Source data:
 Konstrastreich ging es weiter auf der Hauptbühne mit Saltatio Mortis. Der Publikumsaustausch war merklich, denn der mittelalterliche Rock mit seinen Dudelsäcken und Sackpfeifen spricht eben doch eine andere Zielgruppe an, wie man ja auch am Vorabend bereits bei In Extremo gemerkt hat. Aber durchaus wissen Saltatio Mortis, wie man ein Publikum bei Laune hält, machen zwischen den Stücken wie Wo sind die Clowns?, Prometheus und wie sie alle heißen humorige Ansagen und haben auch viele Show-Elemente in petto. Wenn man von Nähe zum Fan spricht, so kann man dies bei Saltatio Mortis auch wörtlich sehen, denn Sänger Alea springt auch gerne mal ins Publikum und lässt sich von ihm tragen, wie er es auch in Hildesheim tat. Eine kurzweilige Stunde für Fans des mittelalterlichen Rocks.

--

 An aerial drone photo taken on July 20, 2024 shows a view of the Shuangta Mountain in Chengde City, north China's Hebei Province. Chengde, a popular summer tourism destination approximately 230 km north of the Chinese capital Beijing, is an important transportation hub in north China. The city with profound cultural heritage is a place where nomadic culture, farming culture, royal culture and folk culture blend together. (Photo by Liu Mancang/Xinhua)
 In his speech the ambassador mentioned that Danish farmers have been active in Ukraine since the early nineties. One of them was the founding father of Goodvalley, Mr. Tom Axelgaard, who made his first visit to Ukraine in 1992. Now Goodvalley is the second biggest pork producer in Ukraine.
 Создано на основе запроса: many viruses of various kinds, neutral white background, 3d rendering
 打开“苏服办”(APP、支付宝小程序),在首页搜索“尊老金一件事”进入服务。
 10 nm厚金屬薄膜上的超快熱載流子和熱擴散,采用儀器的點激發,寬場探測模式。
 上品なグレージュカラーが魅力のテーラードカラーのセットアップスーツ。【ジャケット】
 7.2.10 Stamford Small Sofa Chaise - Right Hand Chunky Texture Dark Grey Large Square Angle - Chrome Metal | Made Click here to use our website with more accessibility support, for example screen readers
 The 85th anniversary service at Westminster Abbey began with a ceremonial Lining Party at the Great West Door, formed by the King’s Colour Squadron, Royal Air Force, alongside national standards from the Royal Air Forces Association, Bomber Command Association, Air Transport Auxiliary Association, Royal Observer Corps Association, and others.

--

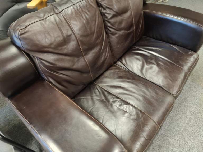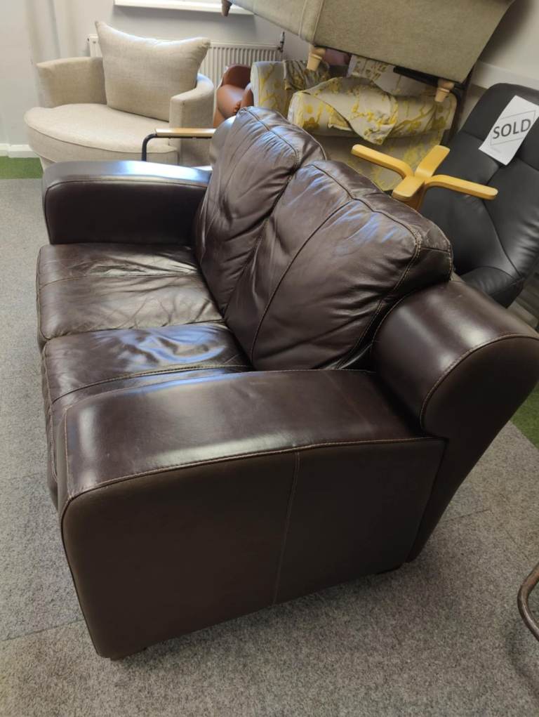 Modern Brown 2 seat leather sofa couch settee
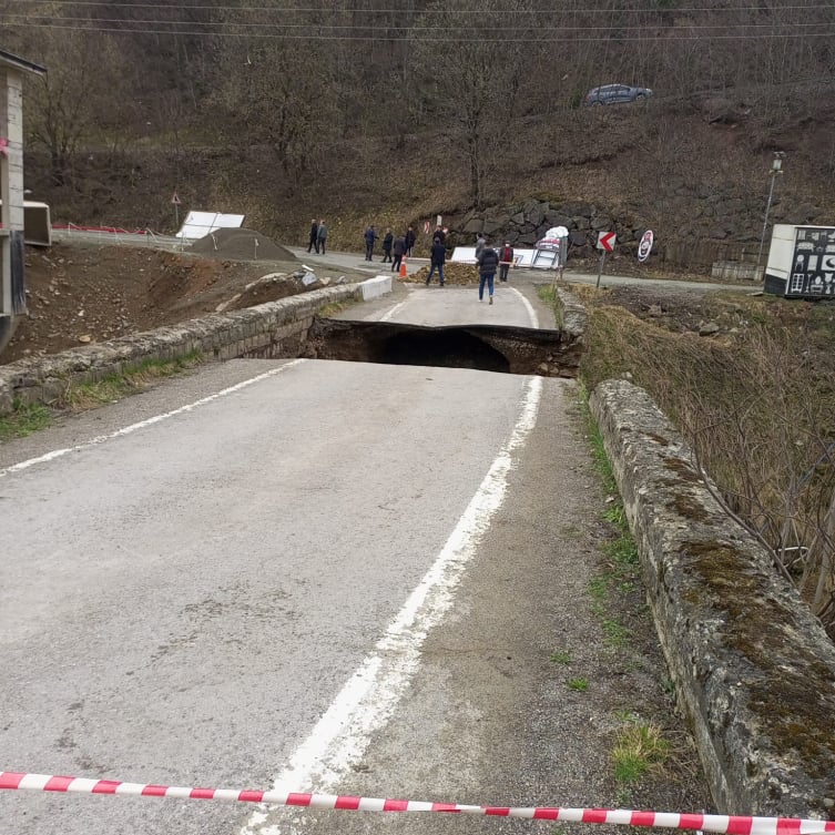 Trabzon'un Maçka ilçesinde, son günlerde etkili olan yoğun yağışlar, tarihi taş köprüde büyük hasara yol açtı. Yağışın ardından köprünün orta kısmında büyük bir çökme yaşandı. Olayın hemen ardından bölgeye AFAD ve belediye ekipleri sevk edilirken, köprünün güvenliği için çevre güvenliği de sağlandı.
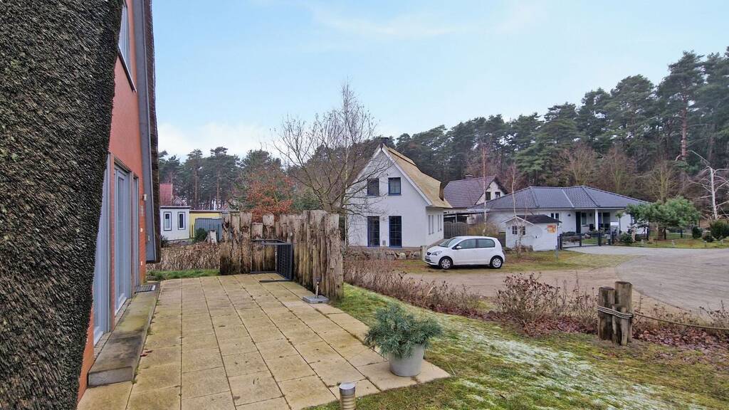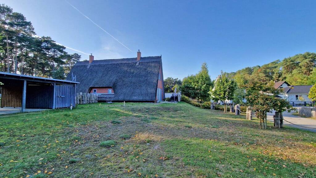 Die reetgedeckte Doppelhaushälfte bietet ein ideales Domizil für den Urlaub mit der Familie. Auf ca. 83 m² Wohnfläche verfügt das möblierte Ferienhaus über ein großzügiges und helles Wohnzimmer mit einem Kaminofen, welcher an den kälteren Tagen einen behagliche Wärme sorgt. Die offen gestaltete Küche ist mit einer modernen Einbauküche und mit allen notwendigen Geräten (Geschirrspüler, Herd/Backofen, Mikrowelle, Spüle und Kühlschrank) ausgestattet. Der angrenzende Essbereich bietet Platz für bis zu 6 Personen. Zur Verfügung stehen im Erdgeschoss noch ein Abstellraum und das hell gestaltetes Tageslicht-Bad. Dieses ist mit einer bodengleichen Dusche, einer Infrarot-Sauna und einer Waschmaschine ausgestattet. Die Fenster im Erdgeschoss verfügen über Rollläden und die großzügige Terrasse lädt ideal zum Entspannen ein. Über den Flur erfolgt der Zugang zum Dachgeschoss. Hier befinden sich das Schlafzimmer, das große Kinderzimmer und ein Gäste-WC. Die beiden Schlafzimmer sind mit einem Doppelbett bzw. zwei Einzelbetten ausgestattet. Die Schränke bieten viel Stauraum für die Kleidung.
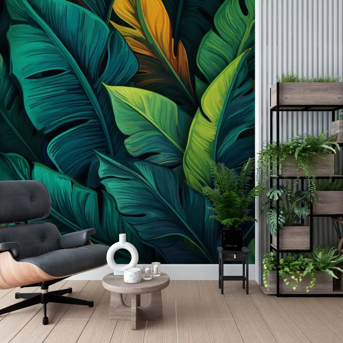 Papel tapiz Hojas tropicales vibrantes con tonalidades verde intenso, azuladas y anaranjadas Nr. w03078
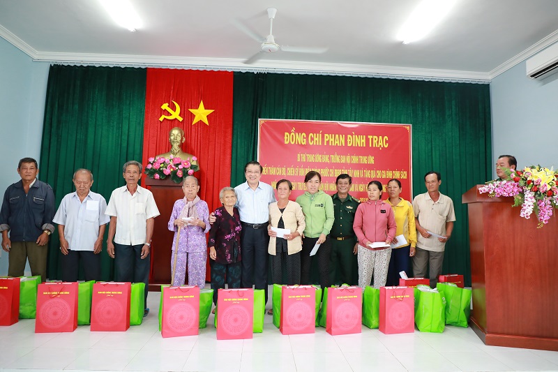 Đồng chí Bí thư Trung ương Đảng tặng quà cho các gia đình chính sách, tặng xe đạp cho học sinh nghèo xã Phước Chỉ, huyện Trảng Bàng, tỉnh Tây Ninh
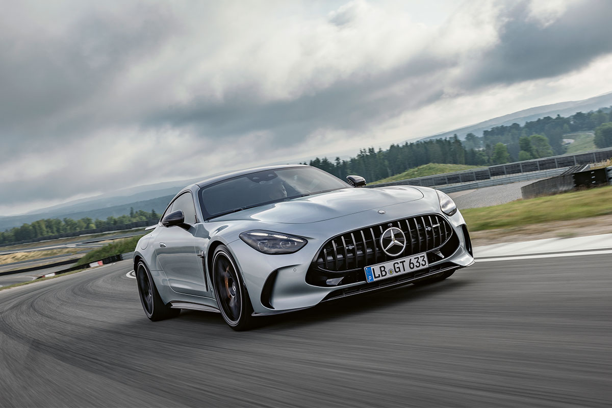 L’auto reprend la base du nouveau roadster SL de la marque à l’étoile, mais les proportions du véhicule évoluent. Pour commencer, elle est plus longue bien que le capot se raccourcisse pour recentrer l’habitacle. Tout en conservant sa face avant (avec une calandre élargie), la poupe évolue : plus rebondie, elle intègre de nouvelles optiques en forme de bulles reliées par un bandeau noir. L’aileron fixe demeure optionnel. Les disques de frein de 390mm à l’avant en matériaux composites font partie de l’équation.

Your assignment: Look through the listing above for the line with "Papel tapiz Hojas" and the line with "Đồng chí Bí". Write out exactly those lines and everything between, leaving out pictures.

Task response:
 Papel tapiz Hojas tropicales vibrantes con tonalidades verde intenso, azuladas y anaranjadas Nr. w03078
 Đồng chí Bí thư Trung ương Đảng tặng quà cho các gia đình chính sách, tặng xe đạp cho học sinh nghèo xã Phước Chỉ, huyện Trảng Bàng, tỉnh Tây Ninh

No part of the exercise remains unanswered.